[DATA FOR THIS EXERCISE — start]
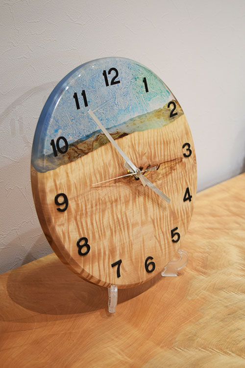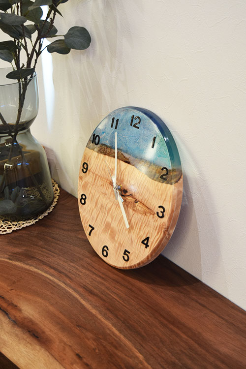 一枚板と涼やかなレジンが美しく調和した一点ものの掛け時計。
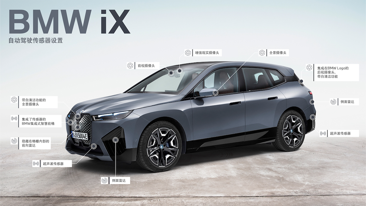 在传感器上,BMW iX全车配载5个摄像头、5个毫米波雷达,12个超声波雷达,总计22个传感器。
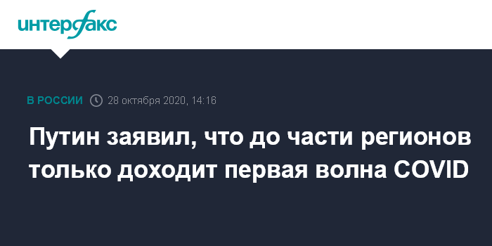 Москва. 28 октября. INTERFAX.RU - По мнению специалистов, до некоторых регионов России еще только докатывается первая волна коронавируса, сообщил президент РФ Владимир Путин.
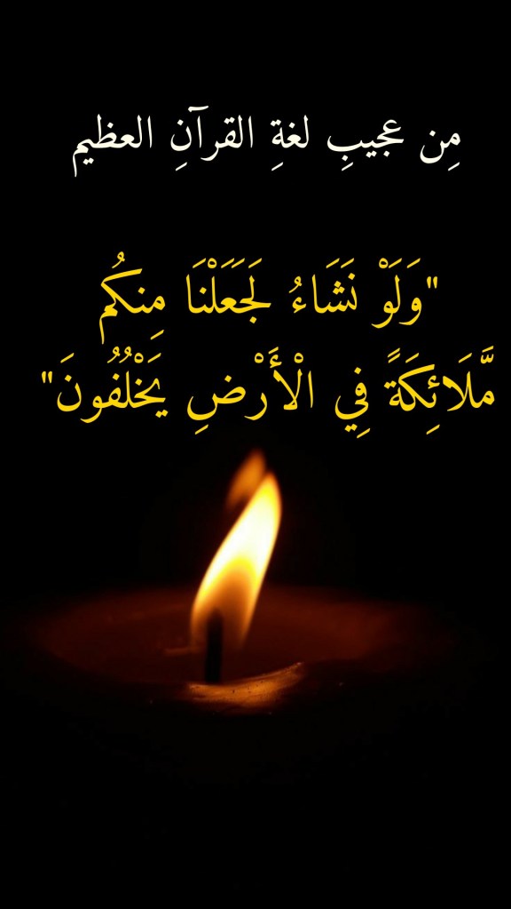 فكثيرٌ منا يظنُ واهماً بأن المعنى الذي تنطوي عليه هذه الآية الكريمة واضحٌ جليٌ جَلاءَ الشمسِ رابعةَ النهار! إلا أن هذا الظن الواهم هو أبعدُ ما يكون عن الحقيقة! ويكفينا أن نستوثق هذا الأمرَ وذلك بأن نستعرضَ ما وردَ بشأن هذه الآية الكريمة في ما بينَ أيدينا من تفاسيرَ شتى ونقارنَهُ بما تُحيلنا إليه قراءتُها بلسانِ القرآن العربي المبين. فوفقاً لهذا اللسان الكريم فإن المعنى الذي تنطوي عليه هذه الآية الكريمة بالإمكان ايجازه بالكلمات التالية: “ولو نشاءُ لجعلنا “من بعدكم”، معشرَ بني آدم، ملائكةً في الأرضِ يخلِفونكم”.
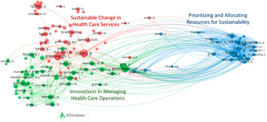 Author co-citation analysis map of the healthcare management for sustainability literature (threshold 15, display 131 authors, cluster resolution 90%, 3 clusters).
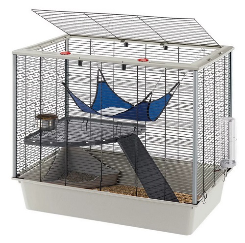 Uma casa chique para ratos será a gaiola Ferplast Furet +.O fabricante produzia gaiolas para furões, mas decidiu modificar seu produto e torná-lo menor para roedores, com isso, a distância entre as barras é de 10 mm. Um amplo espaço de convivência tornará a estadia dos animais na gaiola o mais confortável possível. Parâmetros: 78x48x70. Como a gaiola é alta, os ratos podem rastejar livremente pelas barras. Se desejado, a caixa pode ser equipada com um tubo de túnel, escada, roda e outros brinquedos. A bandeja é removível e fácil de limpar.
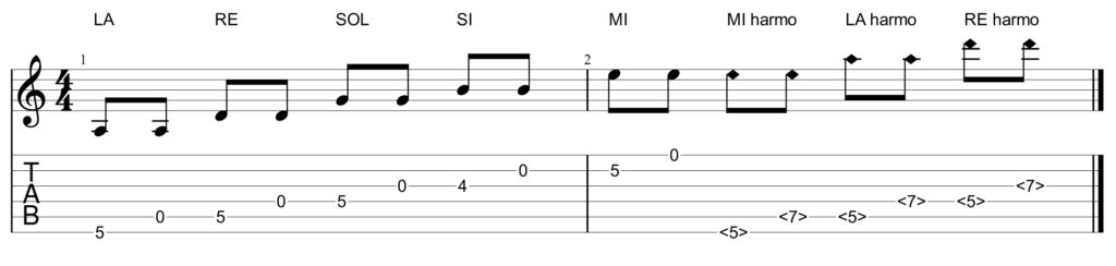 02-01 Accorder la guitare, tempo 20 : LA (A), RE (D), SOL (G), SI (B), MI (E), MI (E) grave, MI grave…
[DATA FOR THIS EXERCISE — finish]
WHAT TO DO
Beginning with the line that contains "Author co-citation analysis", print exactly every line through the end of the records, both included. Omit the pictures.

EXERCISE RESULT
 Author co-citation analysis map of the healthcare management for sustainability literature (threshold 15, display 131 authors, cluster resolution 90%, 3 clusters).
 Uma casa chique para ratos será a gaiola Ferplast Furet +.O fabricante produzia gaiolas para furões, mas decidiu modificar seu produto e torná-lo menor para roedores, com isso, a distância entre as barras é de 10 mm. Um amplo espaço de convivência tornará a estadia dos animais na gaiola o mais confortável possível. Parâmetros: 78x48x70. Como a gaiola é alta, os ratos podem rastejar livremente pelas barras. Se desejado, a caixa pode ser equipada com um tubo de túnel, escada, roda e outros brinquedos. A bandeja é removível e fácil de limpar.
 02-01 Accorder la guitare, tempo 20 : LA (A), RE (D), SOL (G), SI (B), MI (E), MI (E) grave, MI grave…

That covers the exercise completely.